“Get up in the morning slaving for bread Sir”
The intro to “Israelites” – two chords, and Dekker’s naked voice – is one of the most striking in 60s pop. Taken slower than the rest of the verses it’s a moment of absolute authority: stop and listen to this. Immediately the Aces start on the groove: it’s not a particularly heavy groove, it’s mid-paced and supple. Dekker uses the groove as a springboard for two-line, self-contained verses, and the guitar does a lot of the work, joining the dots on Dekker’s snapshot thoughts, leading the listener through.
“Wife and me kids they pack up and leave me”
I first encountered “Israelites” on a Maxell tape ad in the late 80s, where the joke was that Dekker’s lyrics were particularly unintelligible. This isn’t especially true, and the joke feels a little dodgy now, but then I’m used to Jamaican voices in pop. The fact that Maxell picked the song and thought the gag would resonate shows a residual memory of reggae-as-exotica. “Israelites” is far from the first Reggae hit but to get to No.1 still required a serious degree of crossover to a white, pop audience. That audience may or may not have deciphered the lyrics but they were certainly responding to Dekker’s beautiful voice, hitting notes of weariness, defiance, yearning and pride.
“Don’t want to end up like Bonnie and Clyde”

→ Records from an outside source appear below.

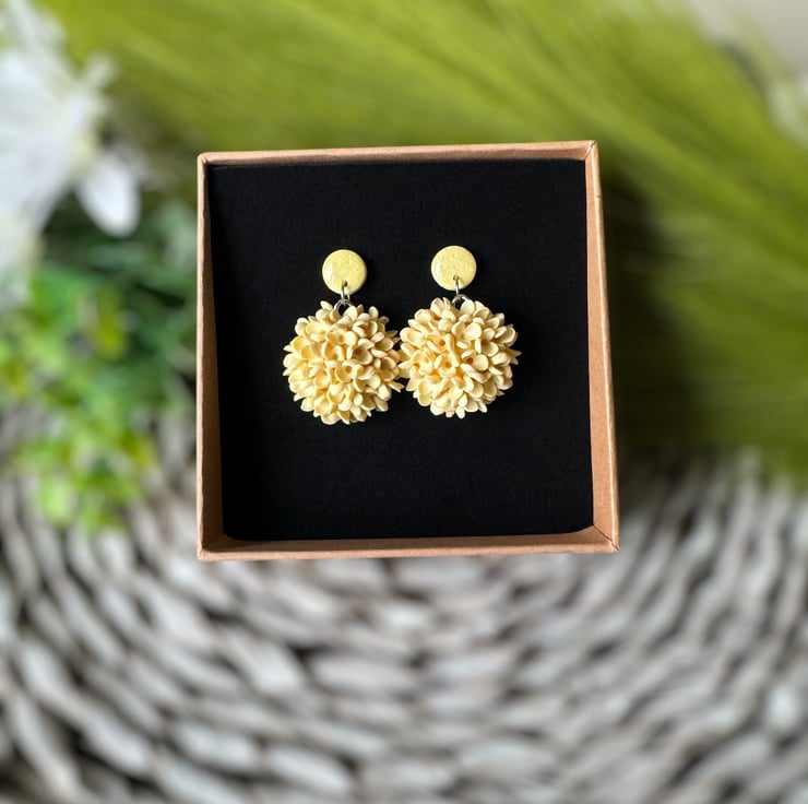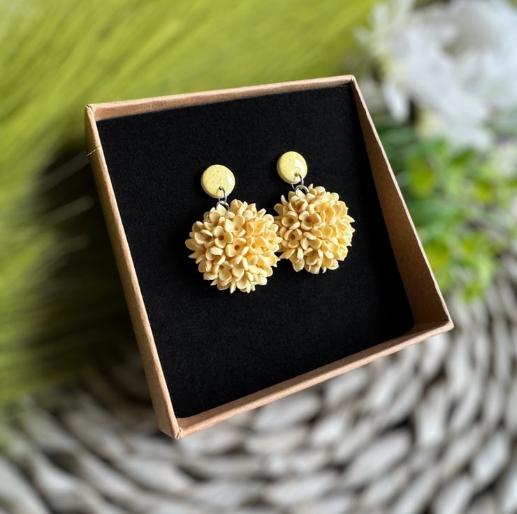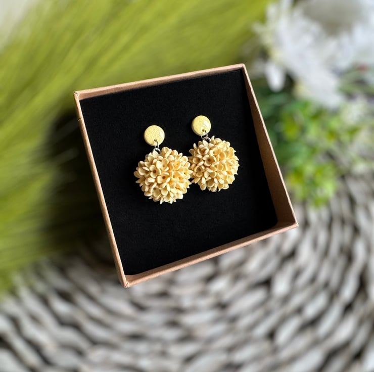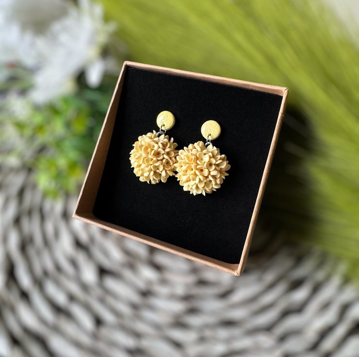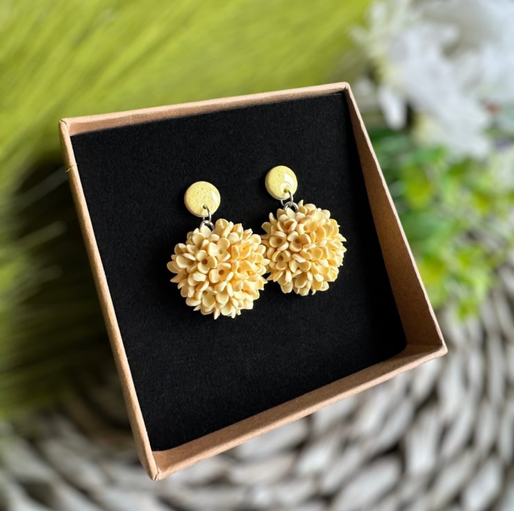Mixed Pastel Yellow polymer clay, cut and shaped into individual little flowers to create a full bloom Hydrangea style flower earrings.
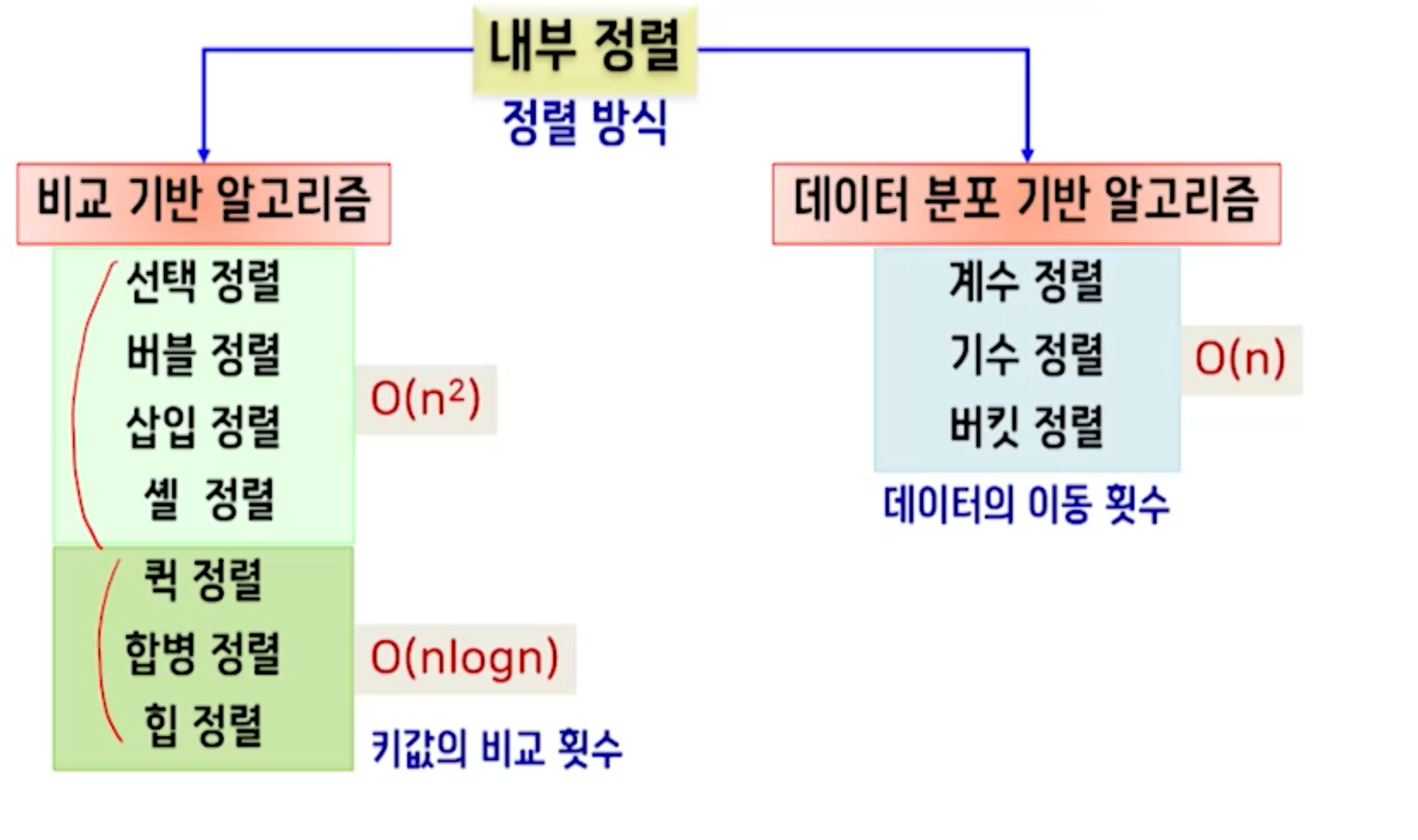 내부정렬: 전체 데이터를 주기억장치에 저장한 후 정렬을 수행하는방식외부정렬 : 모든데이터를 주기억장치에 저장할수 없는경우 보조기억장치에 저장해두고 그중 일부 데이터만을 반복적으로 주기억장치로 옮겨와서 정렬을 수행하는 방식 선택정렬: 입력 배열에서 가장 작은 값부터 순서대로 선택해서 나열하는 방식배열에서 정렬되지않은부분에서 가장 작은값을 찾아서 정렬되지않은부분의 맨앞과 교체하는방식 버블정렬 : 모든 인접한 두 데이터를 차례대로 비교해서 왼쪽데이터가 더큰 경우에는 오른쪽 데이터와 자리를 바꾸는 과정을 반복해서 정렬을 수행하는 방식ㄴ왼쪽에서 오른쪽으로 진행되면 가장 큰값이 오른쪽끝부터 위치된다ㄴ오른쪽에서 왼쪽으로 진행하면 가장 작은값이 왼쪽끝에 위치한다. 삽입정렬 : 주어진 데이터를 하나씩 뽑..
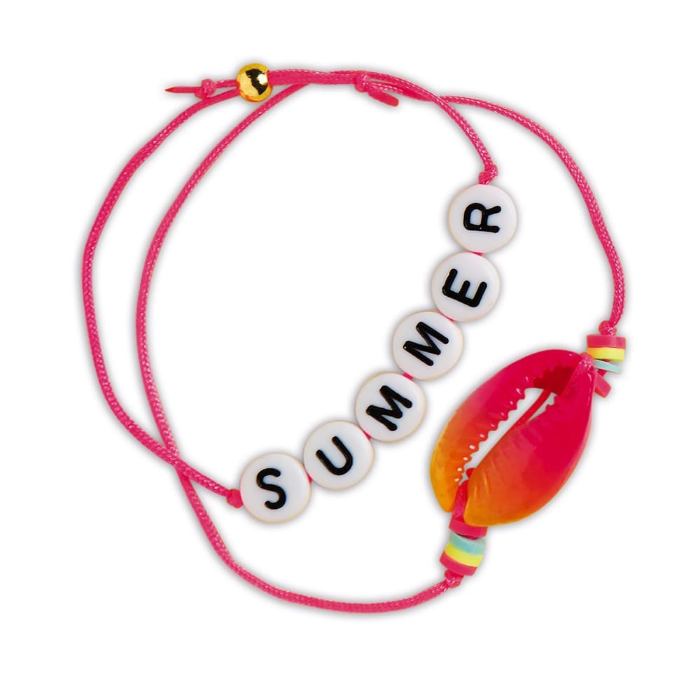 Les bijoux à messages, c’est un incontournable du moment ! Ce coffret créatif pour les enfants à partir de 6 ans, permet de réaliser ses propres bijoux de manière simple. Grâce à 300 perles heishi (perles plates fines) de couleurs, des perles lettres et d’autres accessoires, 2 bracelets, une broche et un collier peuvent être réalisés. Ils pourront comporter les mots ‘Summer’, ‘Love’, ‘Star’, et ‘Happy’. La jolie Boîte servira de Boîte à bijoux pour ranger les créations ! Ce kit contient 3 fils de couleur, 1 fil de nylon, 1 broche, 2 breloques (coquillage et étoile), 19 perles lettres, 280 perles heishi de couleurs différentes, 5 perles dorées, 2 anneaux (petit et moyen), 2 fermoirs et 1 livret explicatif.

And maybe it wasn’t just gorgeousness they were responding to. The Maxell ad has Dekker showing his lyrics on flashcards, in an echo of Bob Dylan on the “Subterranean Homesick Blues” film. The parallel is there to service the joke but the two songs are cousins – cryptic, disconnected imagery crystallising some kind of hardship and struggle. “Israelites” has a thread of menace in it – “catch me in the farm, you sound the alarm”, and Bonnie and Clyde may have ‘ended up’ dead but they took a few people with them on the way.
The threat is subtle, only implied, but it’s there – Dekker had first hit in the UK singing about rude boy gangsters. And any act of crossover draws attention to tensions as well as potentially smoothing them over. The tensions in this case were racial – Enoch Powell’s “Rivers of Blood” speech in April 1968 had pushed immigration to the top of the political agenda, and though “Israelites” is in no sense a direct response to this, it’s a record that resonates with its times as richly as any Stones or Doors track.
“After a storm there must be a calm”
Political or cultural resonance doesn’t make a pop record great, but “Israelites” also looks to the future. Not just by being one of the first huge reggae crossovers: by singing about and for a tribe, and in oblique fragments, Dekker seems to assume multiple voices, and what “Israelites” ultimately makes me think of is the group rhyme-trading of early hip-hop, different perspectives fighting and uniting over a single beat.